Derivative of a 1D function involving matrix inversion

Question

How do I compute the derivative of $$ f(x) = \frac{1}{2} \left(\mathbf{a} - x \mathbf{b}\right)^T (x \mathbf{A} + \mu \mathbf{I})^{-1} \left(\mathbf{a} - x \mathbf{b}\right), $$ where $\mathbf{a}$, $\mathbf{b}$ are column vectors, $\mathbf{A}$ is a square symmetric matrix, $\mathbf{I}$ is the identity matrix, and $\mu > 0$? Of course, we assume that $x$ is in the interior of the domain where the inverse is well-defined. If possible, I'd like to find a formula which avoids the need to compute the Eigendecomposition of $\mathbf{A}$.

Answer 1

$ \def\o{{\tt1}}\def\p{\partial} \def\L{\left}\def\R{\right} \def\LR#1{\L(#1\R)} \def\BR#1{\Big(#1\Big)} \def\vecc#1{\operatorname{vec}\LR{#1}} \def\diag#1{\operatorname{diag}\LR{#1}} \def\Diag#1{\operatorname{Diag}\LR{#1}} \def\trace#1{\operatorname{Tr}\LR{#1}} \def\qiq{\quad\implies\quad} \def\grad#1#2{\frac{d #1}{d #2}} \def\c#1{\color{red}{#1}} $For typing convenience, define the variables $$\eqalign{ g &= {xb-a} &\qiq dg = b\;dx \\ H &= {xA + \mu I} &\qiq dH = A\;dx \\ K &= H^{-1} &\qiq dK = -K\,dH\,K \\ }$$ Use the above notation to write the objective function.
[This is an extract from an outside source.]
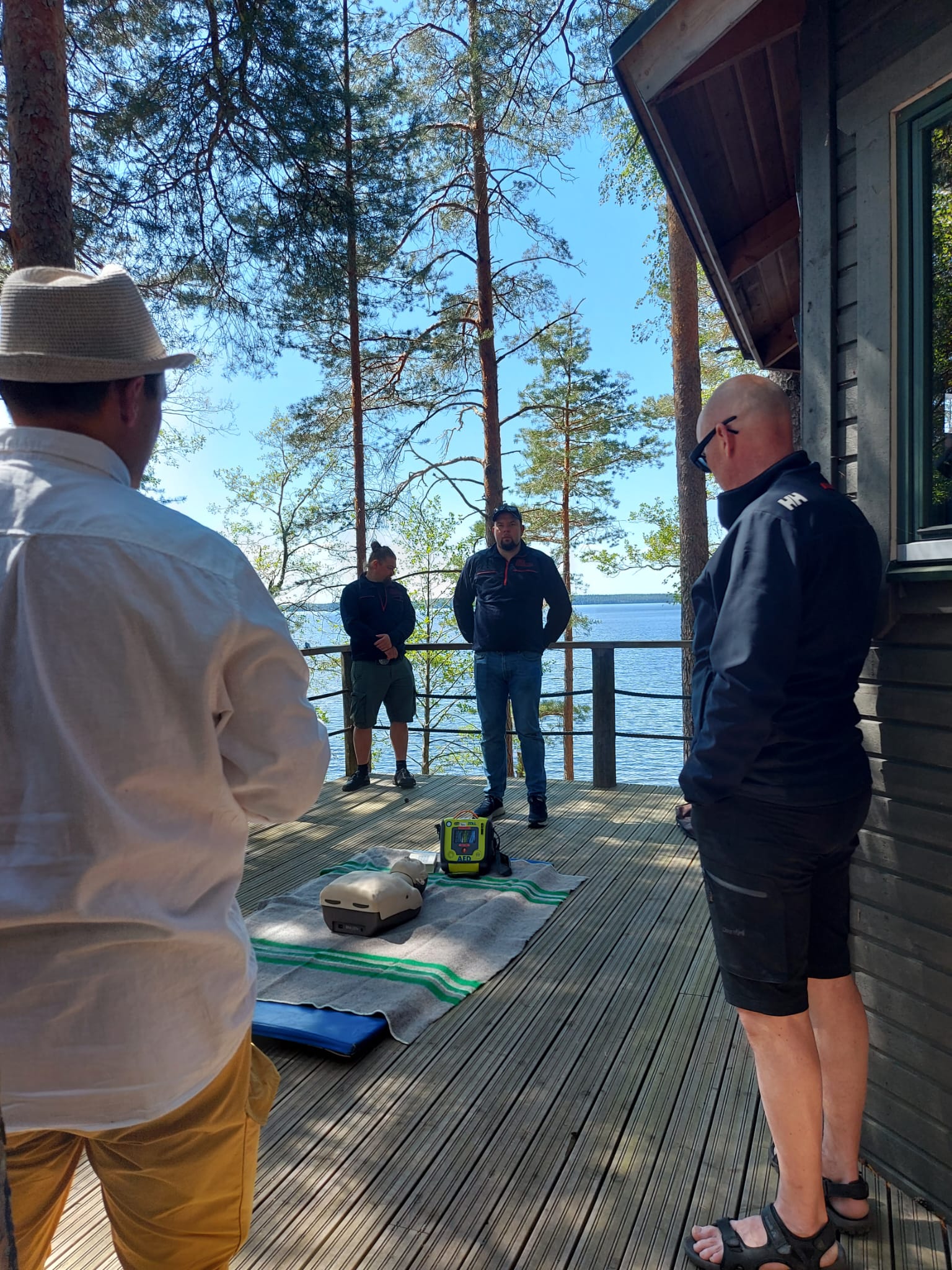 Iltapäivällä ohjelmassa oli hätäensiavun ja sydäniskurin käytön koulutusta Sysmän palokunnan ammattilaisten opastamana. Koulutus oli erittäin tärkeä ja hyödyllinen kaikille ja etenkin vesillä, missä avun saaminen saattaa kestää kauan.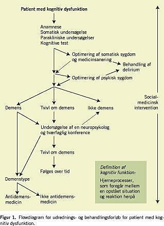 Figur 1 viser på en skematisk måde patientens udrednings- og behandlingsforløb. Patienten henvises med uafklaret kognitiv dysfunktion og først når alt, som kan sløre billedet (reversibel demens og pseudodemens), er diagnosticeret og behandlet, kan den kognitive dysfunktion tages som et udtryk for en irreversibel demenssygdom. Læg mærke til at den socialmedicinske intervention begynder ved den første konsultation og finder sted i hele patientforløbet.

Then calculate its differential and gradient. $$\eqalign{ f &= \frac{1}{2}\BR{g^TKg} \\ \\ df &= \frac{1}{2}\BR{dg^TKg\;+\;g^T\,dK\,g\;+\;g^TKdg} \\ &= \frac{1}{2}\BR{b^TKg\;-\;g^TKAKg\;+\;g^TKb}\,dx \\ \\ \grad{f}{x} &= \frac{1}{2}\BR{b^TKg\;-\;g^TKAKg\;+\;g^TKb} \\ }$$